Sbarro LLC filed a petition with the U.S Bankruptcy Court for the Southern District of New York seeking reorganization under Chapter 11 of the U.S. Bankruptcy Code.
The filing was made to implement a prepackaged reorganization plan supported by a near-unanimous majority of the company’s lenders representing 98 percent of the Company’s debt. The consensual filing is designed to allow for a quick exit from bankruptcy as the Company executes a broader plan developed by the new management team that included the closure of underperforming stores.
The group of lenders supporting the prepackaged plan of reorganization are providing $20 million of debtor-in-possession financing to the company that will remain on the balance sheet post-bankruptcy, and the approximately $140 million of outstanding secured debt will be eliminated, with priority lenders receiving substantially all of the equity in the reorganized business.

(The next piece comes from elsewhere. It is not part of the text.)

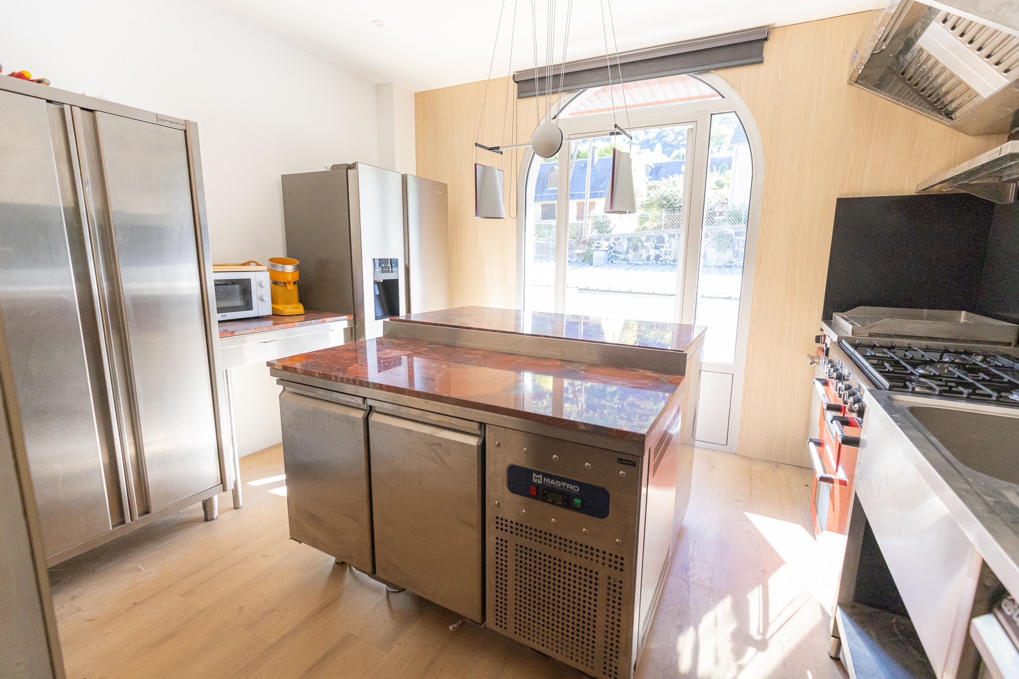 Cuisine conçue professionnellement afin de répondre aux grands nombres de voyageurs. Cuisiène SMEG 5 feux gaz + 3 fours. Hotte aspirante inox éclairante. Grill au chrome grande capacité. Plonge inox grand évier. Machine à laver professionnelle grande capacité. Amoires réfrigére positive et négative avec plaque en marbre. Frigo américain, distributeur de glaçons et eau fraîche. Armoire de rangement en inox. Batterie de cuisine avec tous les accessoires, presse fruits et tout le nécessaires.

“The agreement among the company’s lenders is an indication of the support and confidence they have in the growth strategies developed by the new management team over the past nine months. The board and senior management team are committed to ensuring Sbarro’s future growth and success and today’s filing is a necessary step to achieve those goals,” says David Karam, Sbarro chairman and chief executive officer.

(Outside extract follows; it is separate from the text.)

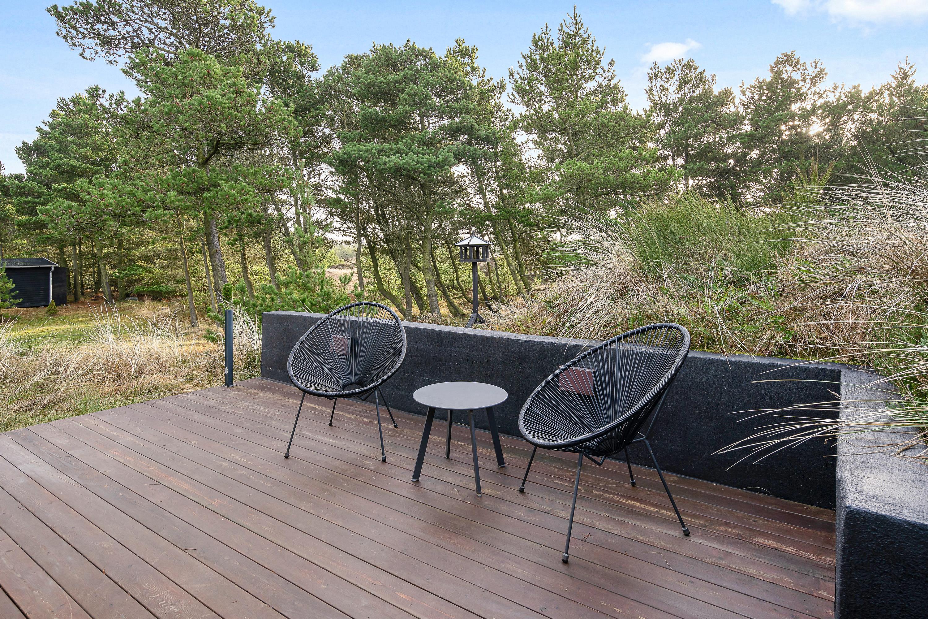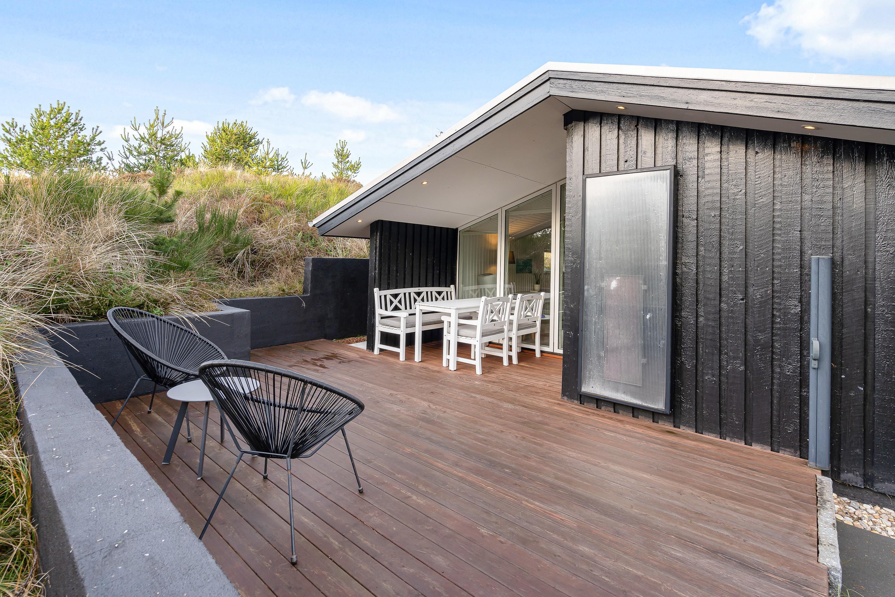 Til sommerhuset er der en skøn terrasse, hvor I har havemøbler til rådighed. Dermed vil I kunne sætte jer godt til rette på en god plads i solen og virkelig få slappet af. Derudover er der også en gasgrill til rådighed på terrassen, så I kan afslutte de dejlige feriedage med en lækker grillmiddag.

The combination of the store closure strategy and the balance sheet restructuring contemplated by the prepackaged plan will improve the Company’s profitability and reduce its outstanding debt by more than 80 percent, resulting in a much stronger organization. As part of the agreed plan, the company will run a marketing process for any topping bids to ensure creditor recoveries are maximized, but in the absence of an alternative transaction will seek to promptly confirm the standalone reorganization.
Sbarro has more than 800 stores worldwide in more than 40 countries including 81 new stores opened in 2013. The filing does not affect the 600 franchise locations worldwide.